- [Goal of the exercise]: Starting with the line that contains "- Gezicht op", repeat exactly every line through the last one in the records below, and leave out the pictures.

** Task data follows **

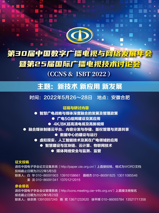 2020年爆发的新冠疫情仍在各地一波一波地反复肆虐,给人们的工作、学习、生活等造成了诸多不便。在疫情防控的新形势下,为了共享资源、共克时艰,中国电子学会的两个分会——有线电视综合信息技术分会和广播电视技术分会首度牵手,拟于2022年5月26~28日在安徽合肥共同举办“第30届中国数字广播电视与网络发展年会暨第25届国际广播电视技术讨论会(CCNS&ISBT2022 )”,会议的论文征集工作(咨询热线010-86091341)将于2022年5月5日截止,参会报名(咨询热线010-86093784)的早鸟票将于2022年4月30日停发。
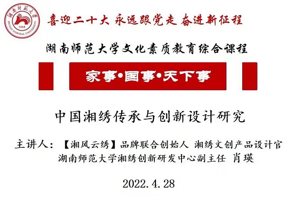 (通讯员 张辰昱 徐筱迪 冯珂瑶)4月28日晚,我校《家事·国事·天下事》文化素质教育综合课程第五讲以线上形式召开。本次课程由“湘风云绣”品牌联合创始人、湘绣文创产品设计官、太阳成集团tyc湘绣创新研发中心副主任肖瑛老师主讲,校学生会主席团成员冯珂瑶主持。
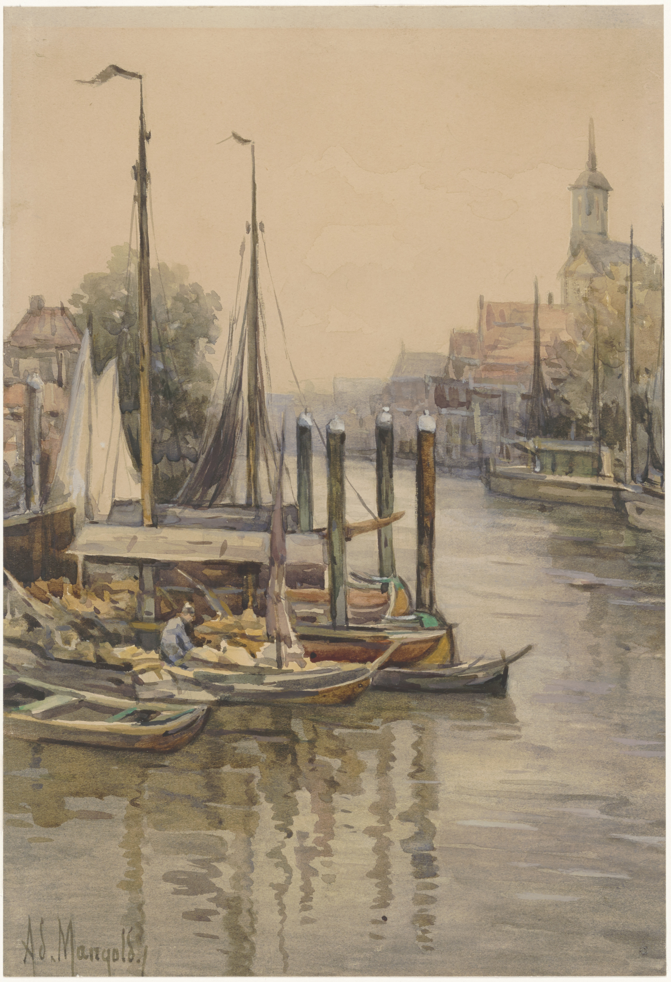 - Gezicht op de Voorstraatshaven (Wijnhaven) tussen de Boombrug en de Nieuwbrug, vanaf de Taankade in zuidwestelijke richting; geheel rechts de Bonifatiuskerk aan de Wijnstraat.
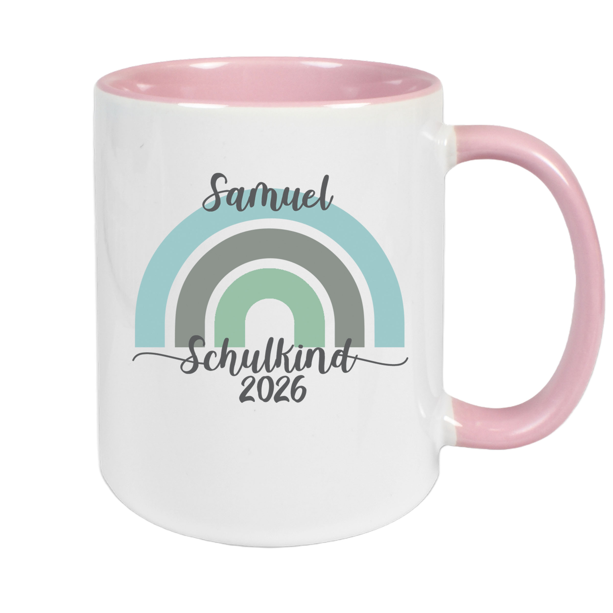 Tasse Schulkind 05 Wunschname Rainbow Keramik Kinderbecher Personalisiert versch. Farben
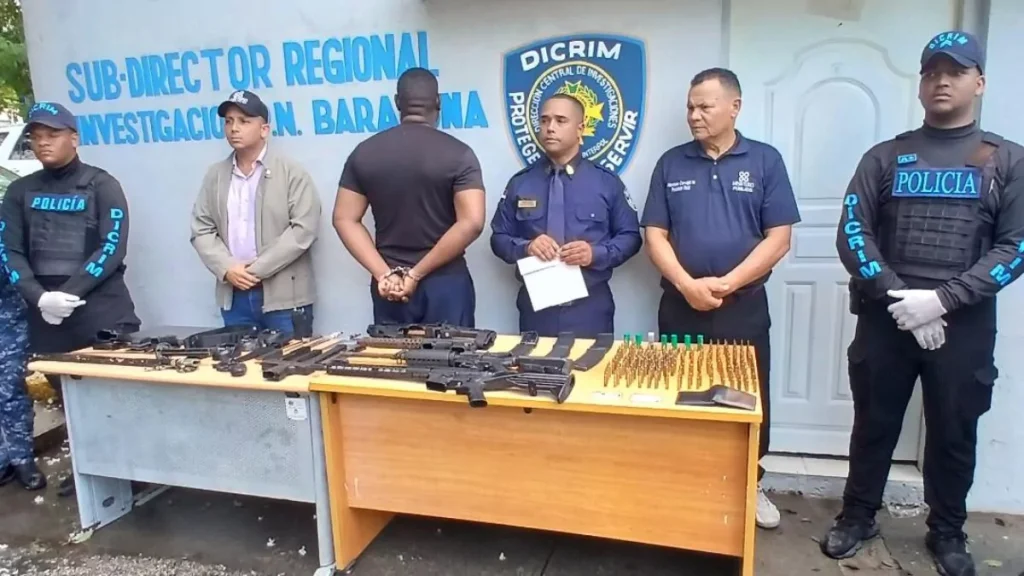 Barahona, Rep. Dom. La Policía Nacional, El Ministerio Publico apresaron al nombrado Luis Manuel Ruiz tras un operativo conjunto en el que se incautó un arsenal de armas ilegales en su residencia ubicada en la calle Luis E. Delmonte

** End of Task data **

- [Task result]:
 - Gezicht op de Voorstraatshaven (Wijnhaven) tussen de Boombrug en de Nieuwbrug, vanaf de Taankade in zuidwestelijke richting; geheel rechts de Bonifatiuskerk aan de Wijnstraat.
 Tasse Schulkind 05 Wunschname Rainbow Keramik Kinderbecher Personalisiert versch. Farben
 Barahona, Rep. Dom. La Policía Nacional, El Ministerio Publico apresaron al nombrado Luis Manuel Ruiz tras un operativo conjunto en el que se incautó un arsenal de armas ilegales en su residencia ubicada en la calle Luis E. Delmonte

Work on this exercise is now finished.